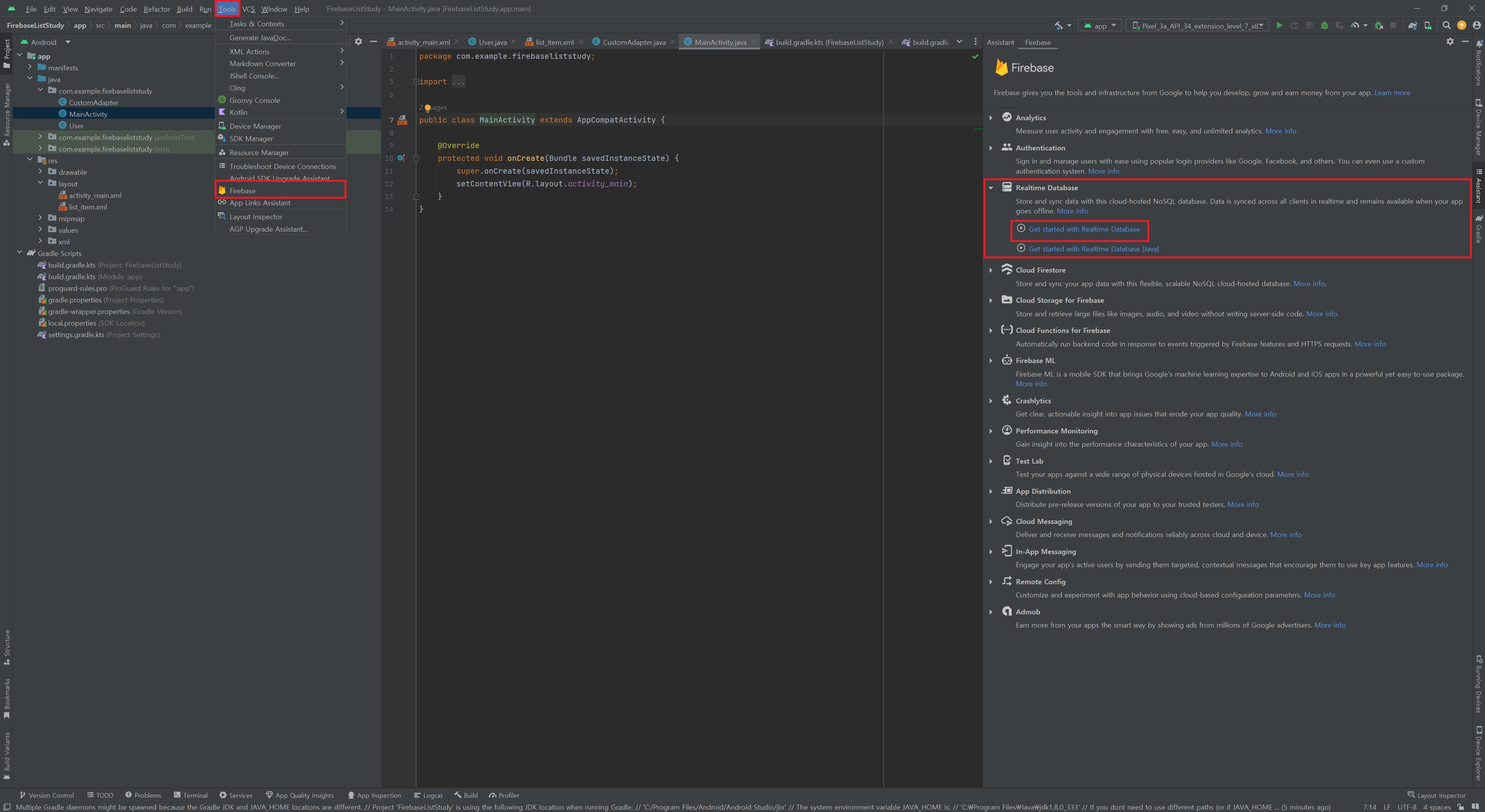 database = FirebaseDatabase.getInstance(); // 파이어베이스 데이터베이스 연동
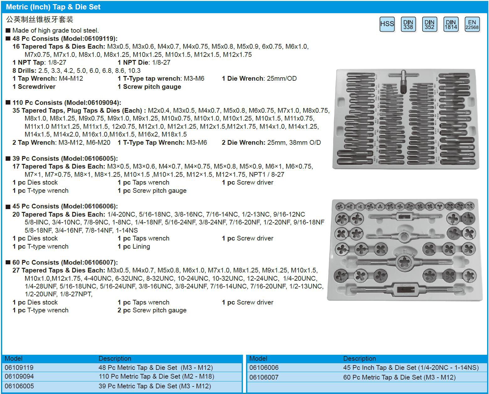 48件套装公制丝锥板牙
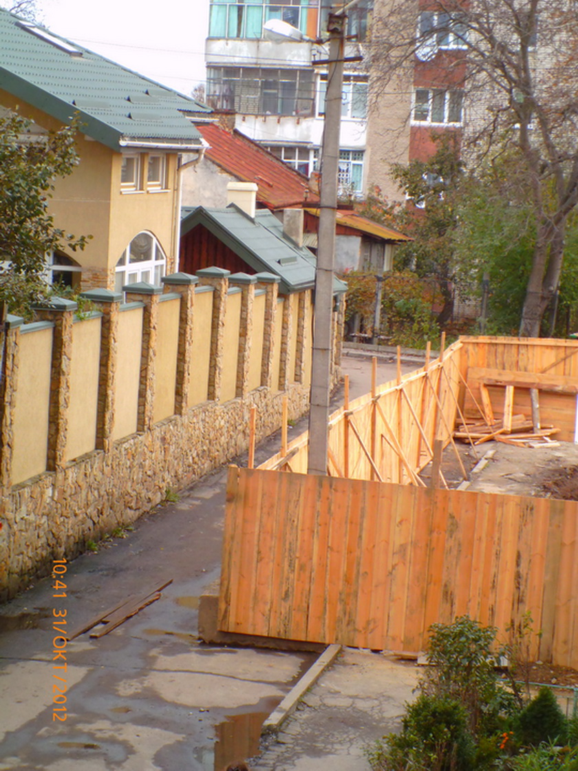 01 жовтня 2012 року на забудовну територію прибула бригада з важкою інженерною технікою – бульдозером і краном. Почалися злочинні дії щодо викрадення серед білого дня прибудинкової території та самочинної ліквідації залізобетонної підпорної стіни будинку №16 (Околична), яка була споруджена військовими будівельниками у 1990 році, з метою утримання зсуву грунтів на прибудинкову дорогу та дев’типоверхову будівлю по вулиці Околичній,16. Частина залишених блоків була використана під загорожу будівельного майданчику на ділянці прибудинкової території військового містечка №385 до якого відноситься будинок №16.
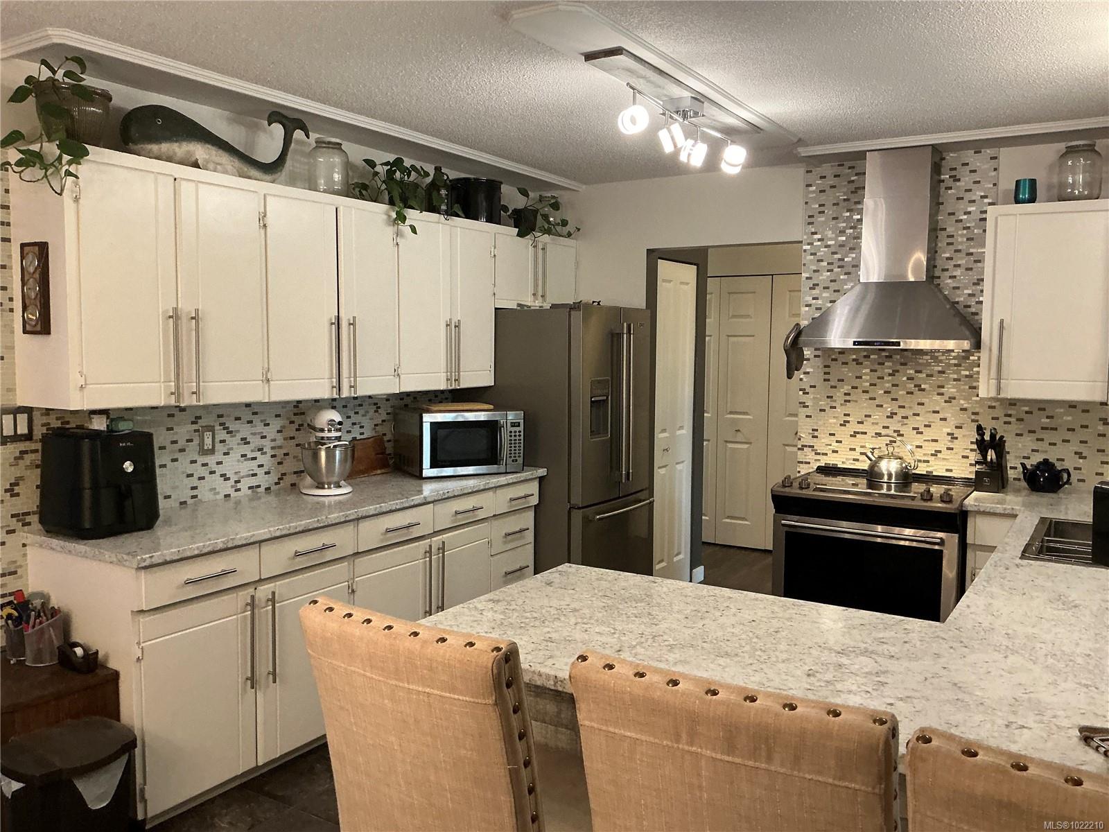 Nicely updated 3 bedroom 2 bathroom Rancher in Willow Point. Main level living, large living room with a newer cozy gas Fireplace. Great ambiance and economical heat source. Beautifully updated kitchen with newer floors,tile backsplash,counter tops and newer appliances. Also new Vinyl windows throughout. 3 good size bedrooms the primary with a convenient 2 piece ensuite. Dining area big enough for the whole family. Just off the kitchen there is a large family room and access to a private fully fenced backyard including a large deck great for bbqs annd entertaining. Also a private hot tub to enjoy year round. There is side parking with blue chip ready for RV parking. A full double garage. Great location close to schools on a bus route and steps away from popular Campbell River Sportsplex.
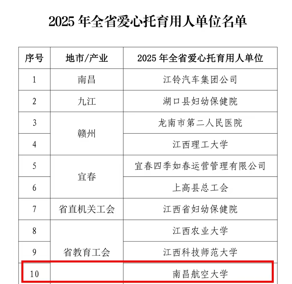 近日,江西省总工会女职工委员会公布2025年全省爱心托育用人单位名单,学校成功入选,同时获5万元专项工作经费补助。此次评选全省教育工会系统仅3所高校入选。标志着我校托育服务工作获上级肯定。
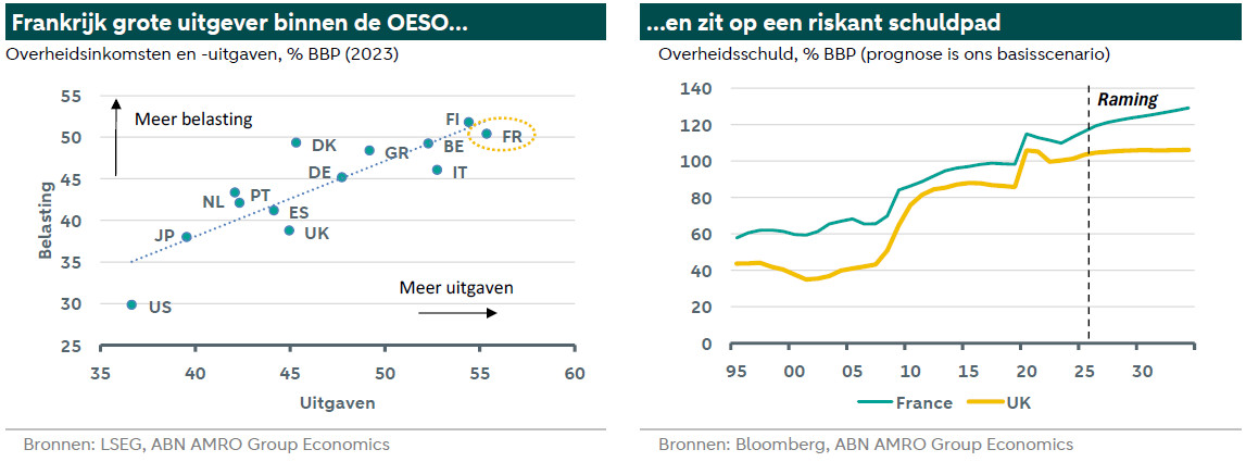 Afhankelijk van het perspectief is het lidmaatschap van Frankrijk van de eurozone zowel een vloek als een zegen. Een zegen, omdat het Frankrijk stabiliteit op de financiële markten biedt, maar een vloek omdat het de Franse politiek (en het publiek) afschermt van de druk die nodig is om moeilijke keuzes te maken op het gebied van overheidsuitgaven. Toch, hoewel Frankrijk niet in aanmerking komt voor het Transmission Protection Instrument van de ECB, verwachten investeerders – terecht of onterecht – dat de ECB waarschijnlijk zou ingrijpen als er een echte crisis uitbreekt op de Franse obligatiemarkten. Het is deze impliciete vangnetfunctie die de Franse obligatiemarkten waarschijnlijk relatief rustig houdt, zij het met een aanhoudend verhoogde spread ten opzichte van Duitse obligaties in de komende jaren. Een uitzondering hierop is het scenario waarin de rechter- of linkervleugel een meerderheid in de Assemblée behaalt, wat de vastberadenheid van de obligatiemarkt – en de ECB – tot het uiterste op de proef zou kunnen stellen.

##########

Leave the pictures out, and restate exactly the lines from the start of the records through the one that contains "01 жовтня 2012".

### OUTPUT OF THE TASK
 database = FirebaseDatabase.getInstance(); // 파이어베이스 데이터베이스 연동
 48件套装公制丝锥板牙
 01 жовтня 2012 року на забудовну територію прибула бригада з важкою інженерною технікою – бульдозером і краном. Почалися злочинні дії щодо викрадення серед білого дня прибудинкової території та самочинної ліквідації залізобетонної підпорної стіни будинку №16 (Околична), яка була споруджена військовими будівельниками у 1990 році, з метою утримання зсуву грунтів на прибудинкову дорогу та дев’типоверхову будівлю по вулиці Околичній,16. Частина залишених блоків була використана під загорожу будівельного майданчику на ділянці прибудинкової території військового містечка №385 до якого відноситься будинок №16.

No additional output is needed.